Aber die Versorgung mit Lebensmitteln ist wahrscheinlich nicht das einzige Problem, mit dem Menschen im Alter umgehen müssen. Wie sieht es denn mit der Wohnsituation aus?
Strunk: Der an das Diakonische Werk angeschlossene Betreuungsverein berichtet, dass nahezu 80 Prozent der vom Amtsgericht zugewiesenen Menschen alleine leben und über eine Minirente verfügen, die durch Grundsicherung aufgestockt wird. Wenn sie in günstigen Wohnungen leben, sind diese häufig nur einfachverglast und schlecht isoliert. Das zieht hohe Nebenkosten nach sich. Wenn dann die Nachzahlungsbescheide für Strom und Heizung kommen, führt das die Mieterinnen und Mieter oft an ihre Existenzgrenze und in die Verschuldung.

Und dann?
Strunk: Dann kommen auch alte Menschen in die Schuldner- und Insolvenzberatung des Diakonischen Werkes – mit steigender Tendenz. Während bundesweit der Anteil der verschuldeten jungen Menschen leicht zurückgeht, steigt der Anteil der verschuldeten Senioren deutlich an.

Woran liegt das?
Strunk: Wir beobachten, dass die Rente häufig ausreicht, solange beide Partner noch leben. Wenn einer verstirbt, schrumpft das Einkommen des anderen dramatisch, und die Miete kann nicht mehr bezahlt werden. Dann werden ergänzende Leistungen bei der Grundsicherungsbehörde beantragt, die allerdings mit der Auflage verbunden sind, sich eine kleinere Wohnung zu suchen. Denn eine Person hat lediglich Anspruch auf 45 Quadratmeter Wohnraum. Das ist besonders für alte Menschen eine große Härte. Sie haben oft über 30 oder 40 Jahre zusammen mit den Kindern und dem Partner in ihrer Wohnung gelebt und sollen jetzt raus aus ihrem sozialen Umfeld, noch einmal umziehen und sich neu eingewöhnen. Und das, obwohl der Markt an bezahlbarem Wohnraum für Einpersonenhaushalte weitgehend ausgeschöpft ist. Wir hören dann häufig: „Ne, das mach ich nicht mehr, und wenn ich nur noch Brot esse.“

Ist diese Not für das Umfeld dann wirklich unsichtbar oder gibt es sichtbare Indizien, bei denen man hellhörig werden sollte?
Strunk: Armut ist sichtbar. Deutliche Anzeichen sind Zahnlücken, ungemachte und wildwachsende Haare und Stoffschuhe im Winter.
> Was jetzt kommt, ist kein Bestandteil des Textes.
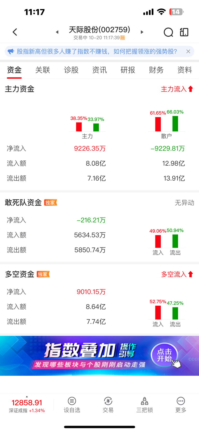 $天际股份(SZ002759)$ 看资金一直在流入,从4000多万现在到9000多万了什么情况,主力抄底散户砸盘
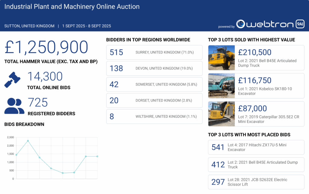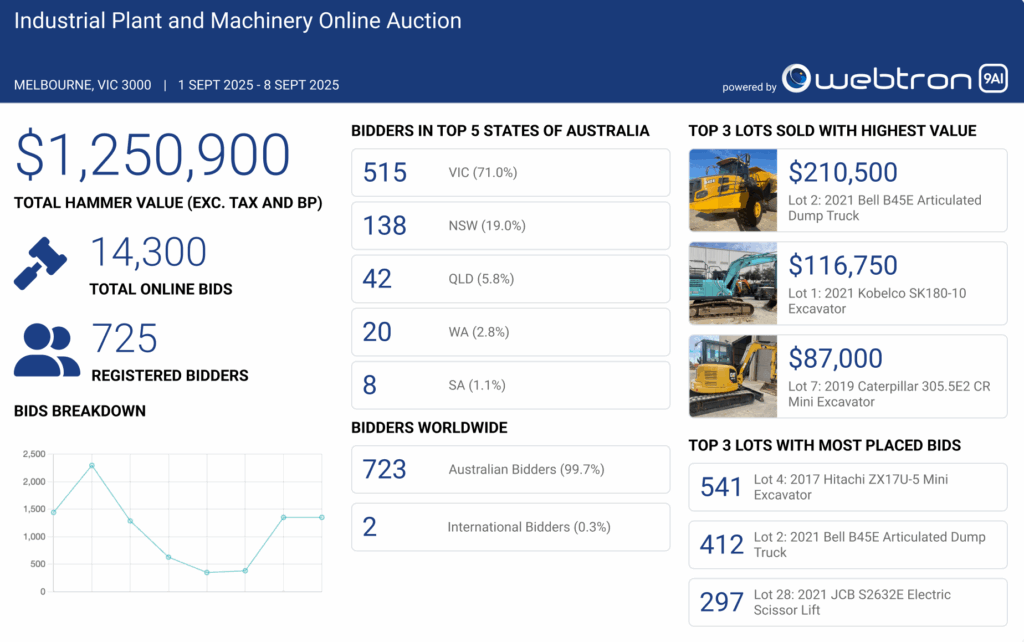 Live webcast and timed auction formats both work well for the industrial, plant and machinery auctioneer. The good news is Webtron gives you both, all in one sleek and modern auction portal that runs from your own website.

Wo sehen Sie die Herausforderungen in den nächsten Jahren?
Strunk: Nach meiner Einschätzung werden wir uns zukünftig verstärkt um alte Menschen kümmern müssen, die alleine leben, wenig Geld haben, nicht mehr sehr mobil sind und niemanden haben, der sich um sie kümmert.
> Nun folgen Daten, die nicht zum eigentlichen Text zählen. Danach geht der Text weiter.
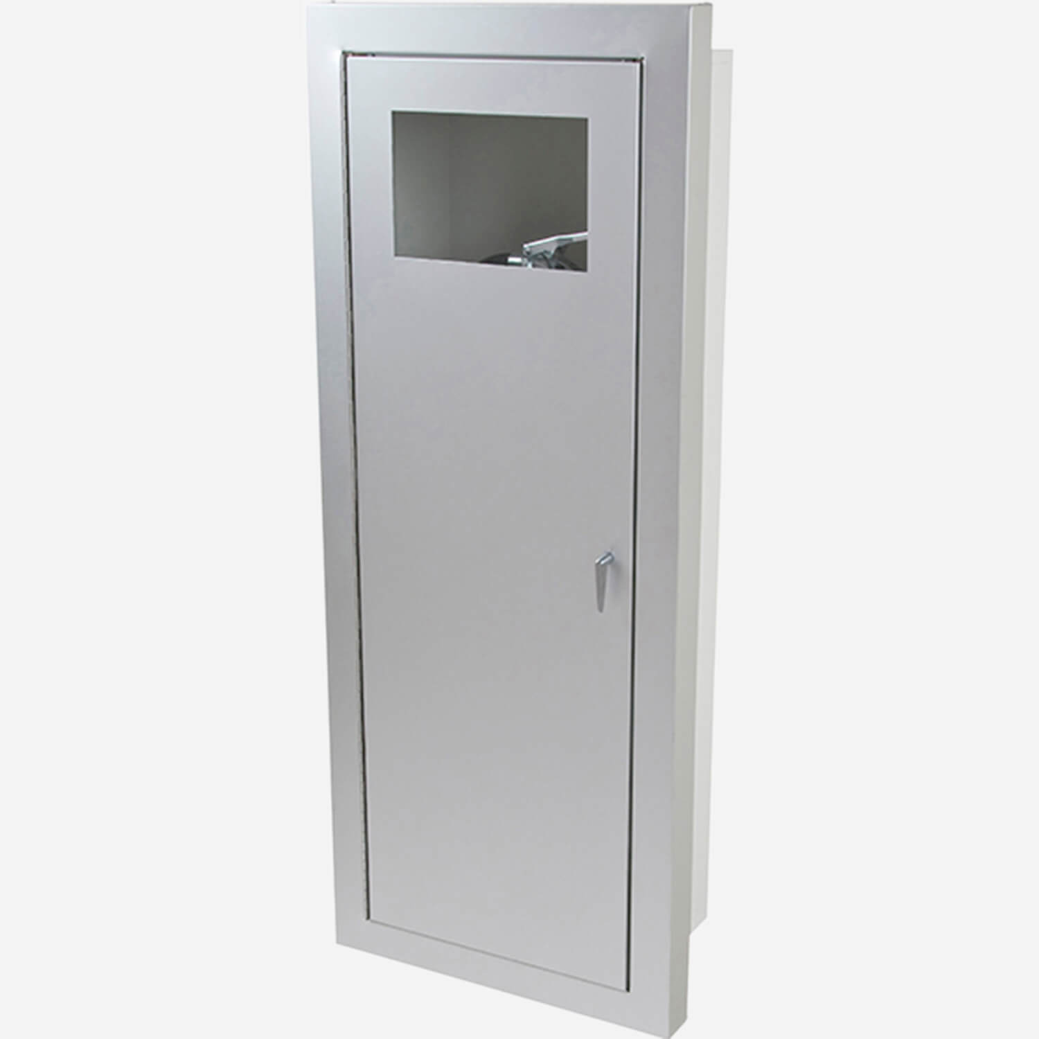 These tall semi-recessed fire-rated Alta Valve Cabinets are designed to hold a 2-1/2" Angle Valve and fire extinguisher up to 20 lbs. The box is constructed from galvannealed Steel with an electrostatically applied thermally-fused polyester coating with recoatable white finish and continuous hinge. A shelf separates the extinguisher and valve sections. The door and frame are constructed from materials as follows: Model 8027: galvannealed steel with recoatable white polyester finish; Model 8047: Aluminum with clear anodized finish; Model 8067: #304 Stainless steel with #4 finish.

Diese Hilfe darf dann aber wohl nicht zu bürokratisch organisiert sein, oder?
Strunk: Stimmt! Manchmal steht die Bürokratie der Hilfe im Weg, sogar dann, wenn es alle in den Ämtern gut meinen. Das kennen wir alle ja selbst aus unserem eigenen Alltag: Wir erhalten regelmäßig Behördenbriefe und stöhnen darüber, wie kompliziert und unverständlich die Behördensprache ist. Das geht armen alten Menschen natürlich nicht anders. Häufig verstehen sie die Briefe der Renten-, Pflege- und Krankenkassen oder Nachzahlungsbescheide nicht. Das gilt besonders, wenn ihnen keine Angehörigen zur Seite stehen, die mit ihnen zusammen die Schriftstücke in Ruhe durchgehen. Dadurch können sehr schwerwiegende Situationen entstehen, wenn z. B. Anträge nicht fristgerecht oder mit den erforderlichen Unterlagen gestellt werden, Zahlungen nicht vorgenommen werden oder keine Kenntnis von bestehenden Ansprüchen vorhanden ist. Wenn hier etwas schief läuft, hat das für manche der älteren Menschen fatale Folgen.
Sozialleistungsbescheide sind inzwischen so kompliziert, dass Sozialarbeiter Fortbildungen machen müssen, um Bescheide auf ihre Richtigkeit überprüfen zu können.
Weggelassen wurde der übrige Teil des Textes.